Ten-year Treasury yields are flirting with the 5 percent threshold again after yesterday’s weak five-year auction exacerbated concerns about whether investors would continue absorbing an ever-increasing supply of new debt instruments. With the Federal Reserve actively unwinding its balance sheet, major institutions trimming purchases, and foreign central banks largely sidelined, auctions have had a “tail” for months – a gap between the yield anticipated and the yield ultimately accepted – with marginal buyers demanding a 1.9 basis-point premium over market rates in yesterday’s iteration.

Funding strains could grow in the weeks ahead: House Republicans elected a new Speaker from the hard-right end of the party, making a government shutdown around the current November 17 deadline more likely. The hitherto largely-unknown Mike Johnson faces fewer political constraints than his immediate predecessor, but is widely expected to insist on large-scale spending cuts and a separation between funding bills for Israel and Ukraine, setting the House on a collision course with the Biden administration.

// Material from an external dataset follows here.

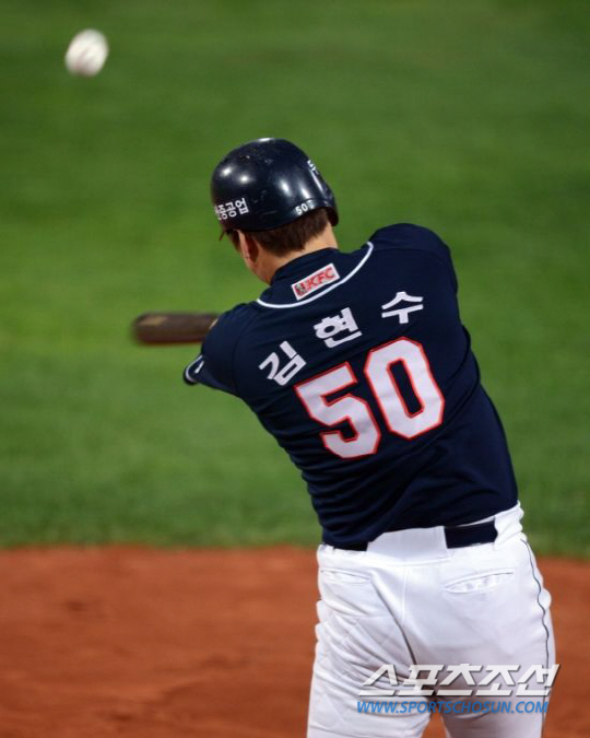 김현수는 20일 한화와의 경기에서 2-0으로 앞선 3회 2사 2루서 한화 선발 김혁민으로부터 중월 투런 홈런을 터뜨렸다. 볼카운트 3B1S에서 5구째 한복판 146㎞짜리 직구를 통타한 것이 가운데 펜스 뒤쪽 전광판을 때리는 대형홈런이 됐다. 비거리 130m. 한화는 지난 겨울 김응용 감독의 주문에 따라 대전구장 펜스를 뒤로 확장했다. 좌우측은 97m에서 100m, 가운데 펜스는 114m에서 122m로 멀어졌다.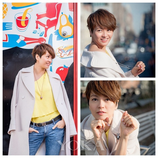Gigi說,Qeelin充滿玩味的設計,最適合午后輕松出游的造型打扮。穿上藍色牛仔褲的Gigi,以一條白金長項鏈掛上Ceramic Bo Bo吊墜和Wang Wang 金毛尋回犬Bella鉆石吊墜;為增加層次感,她更加上一條較短的項鏈,掛上Wang Wang 玩具貴賓犬Sophie 吊墜。

The Canadian dollar remains extremely weak, with a more dovish outlook from the Bank of Canada intersecting with rising US yields to tilt rate differentials even more firmly against the currency. The central bank yesterday extended the timeframe over which price growth is expected to return to target, but revised growth estimates lower across the forecast horizon, suggesting that underlying economic risks were beginning to trump inflation pressures in determining the policy path. Market participants are overwhelmingly convinced that rates have hit a peak, with data between now and the December decision – growth, employment, and inflation – considered unlikely to prompt another hike.

And the euro is on the defensive as traders brace for this morning’s European Central Bank decision. President Lagarde and her colleagues are likely to keep major policy settings unchanged while repeating the somewhat-obligatory language from earlier statements which referred to rates remaining at current levels for a “sufficiently long duration” to ensure that the inflationary dragon is well and truly slain. But with higher borrowing costs hitting the economy harder than expected and private sector sentiment surveys pointing to a downturn ahead, signs of caution should emerge, helping shift expectations for the first rate cut – currently priced for September 2024 – while impacting cross-Atlantic rate differentials.


Still Ahead

THURSDAY

The European Central Bank will almost certainly stand pat as rapidly-evolving economic conditions put policymakers in a difficult bind. War in the Middle East has ratcheted geopolitical risks higher even as it has raised inflation-critical oil prices, and an early-autumn spike in global bond yields has enhanced monetary policy transmission while threatening to upset a delicate balance between sovereign issuers within the euro area. Higher inflation projections could push policymakers into a final hike at the December meeting, but we suspect slowing growth and widening spreads will keep the Bank on hold through mid-2024, keeping rate differentials tilted against the euro. (08:15 EDT)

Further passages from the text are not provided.